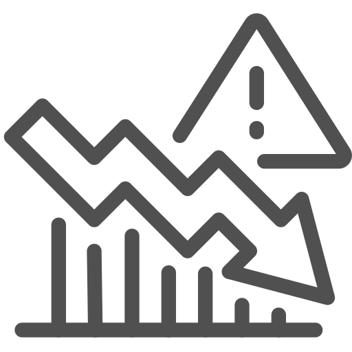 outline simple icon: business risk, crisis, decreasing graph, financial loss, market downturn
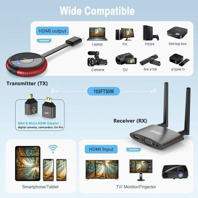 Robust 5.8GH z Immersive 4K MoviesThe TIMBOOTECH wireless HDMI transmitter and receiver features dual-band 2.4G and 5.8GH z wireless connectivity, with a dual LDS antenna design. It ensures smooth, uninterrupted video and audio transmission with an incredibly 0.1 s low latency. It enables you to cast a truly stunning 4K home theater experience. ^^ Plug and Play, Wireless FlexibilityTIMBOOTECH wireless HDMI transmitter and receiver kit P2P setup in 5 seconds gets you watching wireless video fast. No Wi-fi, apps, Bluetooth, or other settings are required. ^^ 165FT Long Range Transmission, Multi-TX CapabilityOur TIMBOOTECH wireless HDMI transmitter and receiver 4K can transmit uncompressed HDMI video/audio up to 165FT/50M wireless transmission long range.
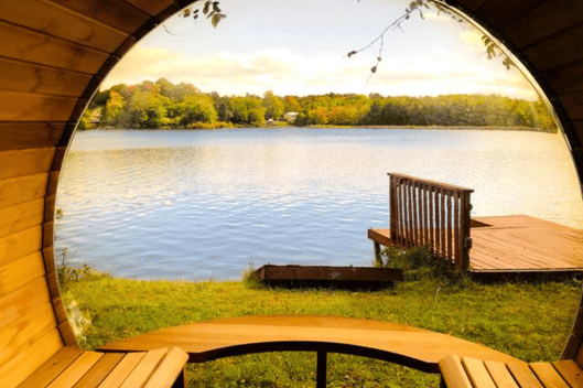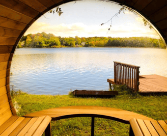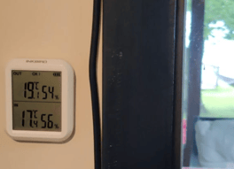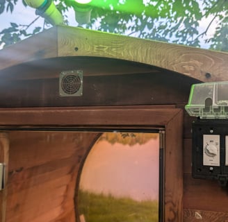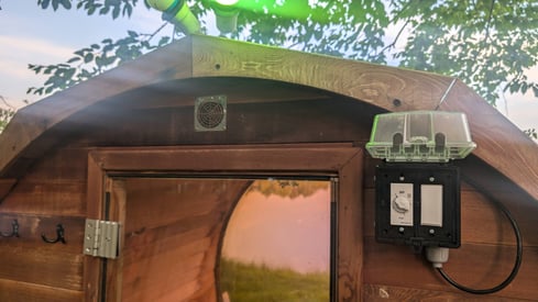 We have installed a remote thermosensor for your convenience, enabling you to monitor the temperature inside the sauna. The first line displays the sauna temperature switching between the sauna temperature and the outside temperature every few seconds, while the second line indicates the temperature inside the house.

--

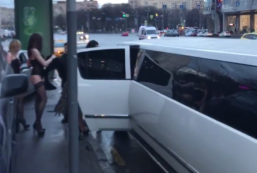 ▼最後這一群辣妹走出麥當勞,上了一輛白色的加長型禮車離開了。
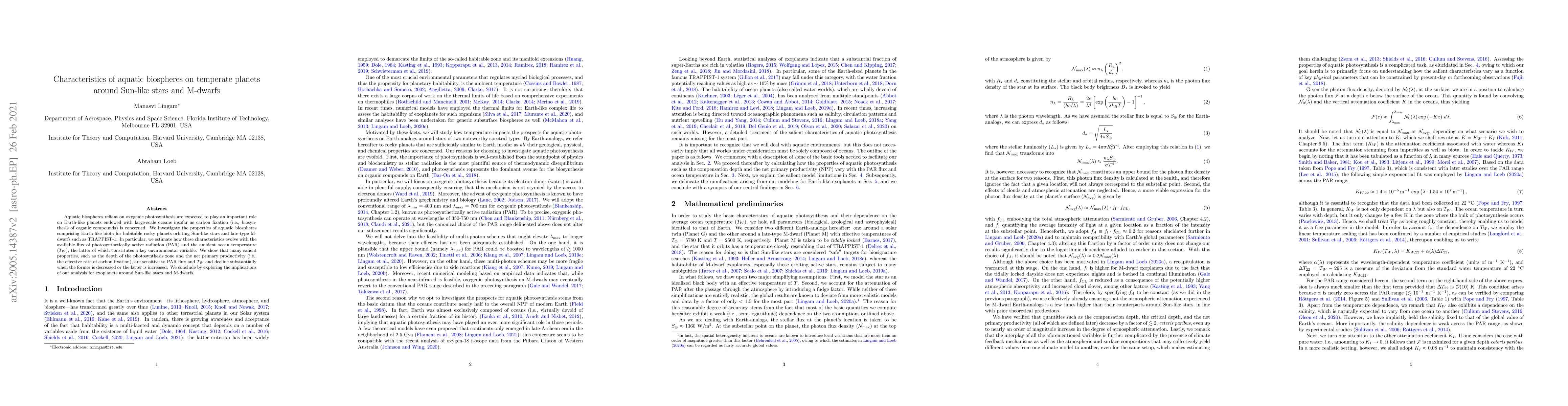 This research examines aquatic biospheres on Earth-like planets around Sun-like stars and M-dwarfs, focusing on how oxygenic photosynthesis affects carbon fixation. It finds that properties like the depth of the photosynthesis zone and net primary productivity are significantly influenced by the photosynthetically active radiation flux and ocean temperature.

---

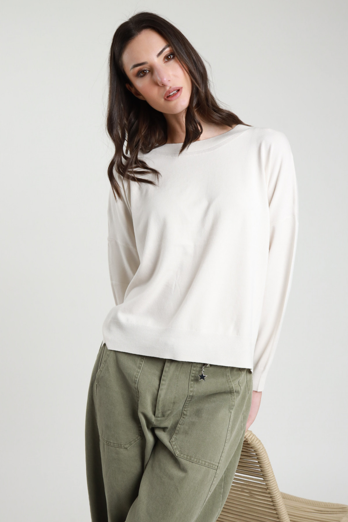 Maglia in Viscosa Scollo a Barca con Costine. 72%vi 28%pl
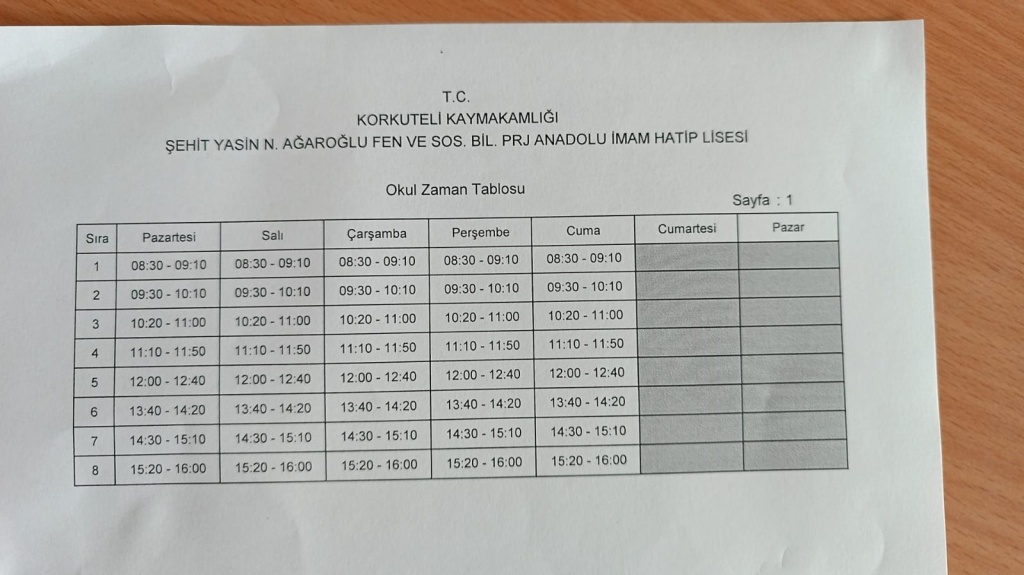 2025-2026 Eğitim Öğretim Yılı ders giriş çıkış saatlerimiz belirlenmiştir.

> _To do_: Take the material above from the line bearing "Robust 5.8GH z" through the line bearing "We have installed" and write it out exactly, both end lines included. Pictures stay out.

> _Result of this task_:
 Robust 5.8GH z Immersive 4K MoviesThe TIMBOOTECH wireless HDMI transmitter and receiver features dual-band 2.4G and 5.8GH z wireless connectivity, with a dual LDS antenna design. It ensures smooth, uninterrupted video and audio transmission with an incredibly 0.1 s low latency. It enables you to cast a truly stunning 4K home theater experience. ^^ Plug and Play, Wireless FlexibilityTIMBOOTECH wireless HDMI transmitter and receiver kit P2P setup in 5 seconds gets you watching wireless video fast. No Wi-fi, apps, Bluetooth, or other settings are required. ^^ 165FT Long Range Transmission, Multi-TX CapabilityOur TIMBOOTECH wireless HDMI transmitter and receiver 4K can transmit uncompressed HDMI video/audio up to 165FT/50M wireless transmission long range.
 We have installed a remote thermosensor for your convenience, enabling you to monitor the temperature inside the sauna. The first line displays the sauna temperature switching between the sauna temperature and the outside temperature every few seconds, while the second line indicates the temperature inside the house.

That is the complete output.